The four fish that show up on the menu most of the time are ahi (a slightly, strong-flavored tuna with light, pink flesh), ono (a sweet tuna with white flesh), mahi mahi (sweet-flavored dolphin fish with white flesh), and hapu (delicately flavored sea bass, also known as grouper with lean, white flesh).

Diners have a choice of how they would like to have these fish prepared, including styles as diverse as coconut-encrusted, Cajun, lemongrass-encrusted, pan-fried with onions, macadamia-nut encrusted, or blackened.

For his dinner, Laurent chose the wasabi fish with mahi mahi, which is one of the most popular items on the menu.  The mahi mahi arrived blackened on a bed of pale, green wasabi mashed potatoes (made with Japanese horseradish).
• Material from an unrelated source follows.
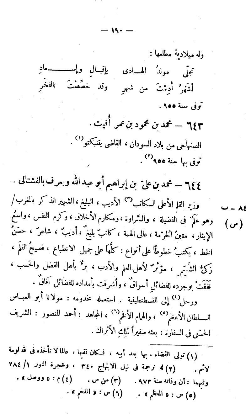 وزير القلم الأعلى الكاتب (3) الأديب، البليغ، الشهير الذكر بالمغرب/ وهو علم فى الفضيلة، والسّراوة، ومكارم الأخلاق، وكرم النفس، واسع الإيثار، متين الحرمة، عالى الهمة، كاتب بليغ، أديب، شاعر، حسن الخط، يكتب خطوطا على أنواع: كلّها على جميل الانطباع، فصيح القلم، زكىّ الشّيم، مؤثر لأهل العلم والأدب، برّ بأهل الفضل والحسب، نفقت بوجوده للفضائل أسواق، وأشرقت بأمداده للفضائل آفاق.

The mashed potatoes were delicious and the sweet flesh of the mahi mahi hardly needed the wasabi-cream sauce, but it did taste good with it.
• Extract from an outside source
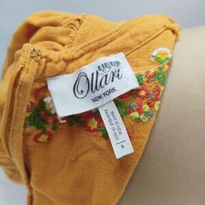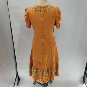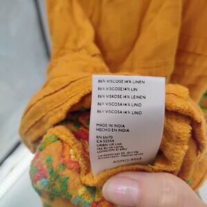 Ollari maxi Dress Yellow/Orange linen from Anthropologie Mexican pattern boho
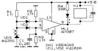 Компаратор сработает и включит исполнительное устройство К1 (к примеру, реле, запускающее звуковой извещатель тревоги). Переключая конденсатор на тот или иной вход компаратора, схема может быть настроена на понижение или повышение освещенности.

I ordered the luau pork plate that came with coleslaw and rice.  Co-owner D. told me that in Hawaii, a pig for a luau would be roasted in a pit for several hours.  Hula’s does not go to quite these lengths, but they do roast the pork for several hours with teriyaki and molasses and add pineapple at the end for flavor.
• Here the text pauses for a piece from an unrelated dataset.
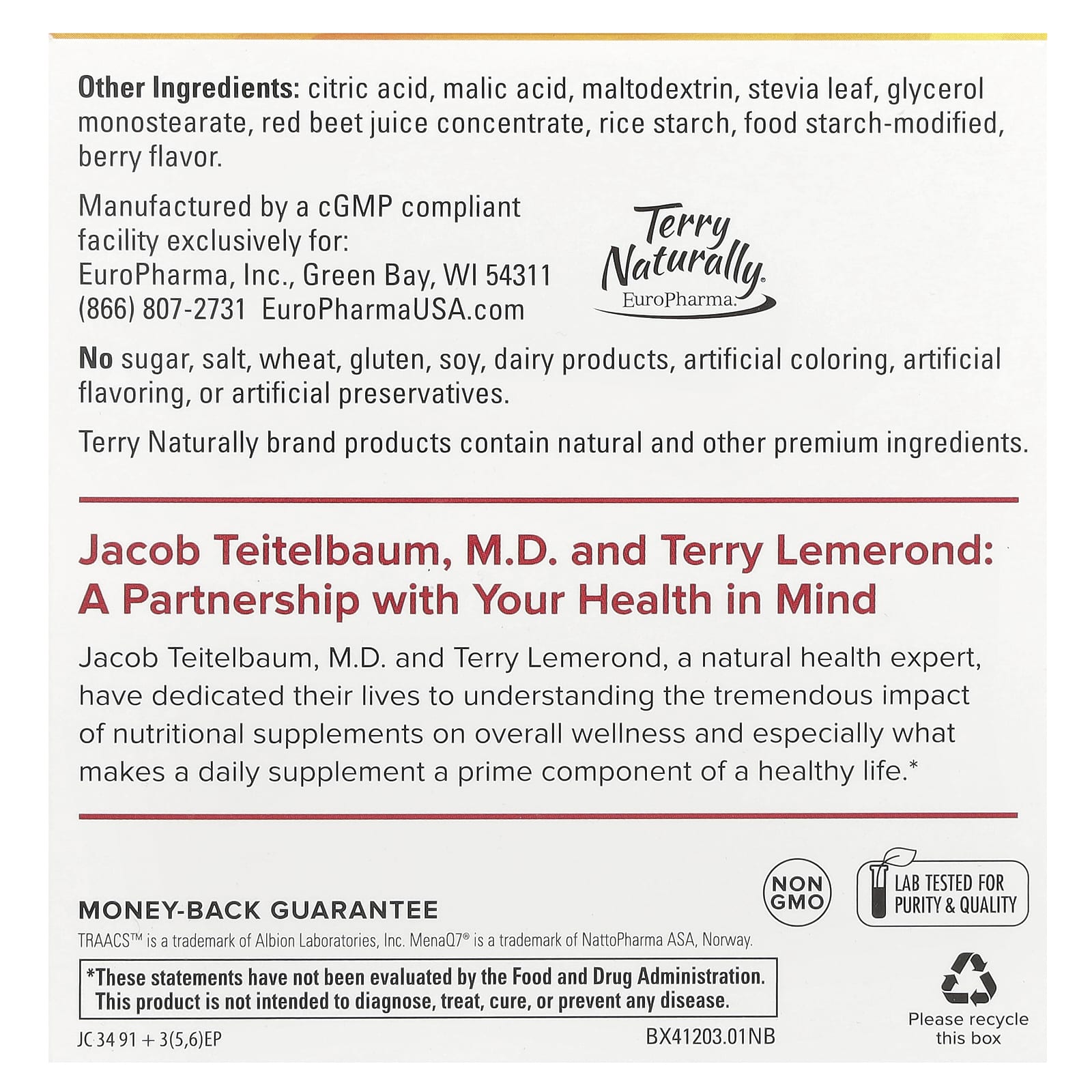 Джейкоб Тейтельбаум, доктор медицины, и Терри Лемеронд, эксперт по естественному здоровью, посвятили свою жизнь пониманию огромного влияния пищевых добавок на общее самочувствие, и особенно того, что делает ежедневный прием добавок основным компонентом здорового образа жизни.

The pork tasted almost like a dessert except for the saltiness of the meat.  I wished I had not ordered appetizers, so I could have devoted my full attention to the pork.

We drank a good wine with our meal as a lark: the Maui Blanc.  This wine is made from pineapples and has a mild flavor and wonderful pineapple bouquet.  The pineapple wine went extremely well with the sweet-fleshed mahi mahi and luau pork that we ate.

Co-owner D. says that it goes well with most of the items on Hula’s menu.  The wine has been made for twenty years on Maui by Tedeschi Vineyards.

Co-owner D., who opened Hula’s with his brother, lived on Maui for twenty years where he operated restaurants after graduating from college.

When the two came to Monterey seven years ago, they saw that there were no Hawaiian restaurants and decided to fill the void.

His brother had the food expertise as well as the eye for knick-knacks – he is the one who has gone to garage sales to find things like the hula girl lamp stand which graces the bar.  The brother is the design man.

Together the brothers D. have created a rollicking, good-time restaurant that evokes the aloha spirit on the Monterey Peninsula.

End of Article

We did take Florence to Hula’s after our date, and she loved it.  We had fun posing by all the fun decorations and doing hula dances.  We all laughed about a dish called a “pupu” platter.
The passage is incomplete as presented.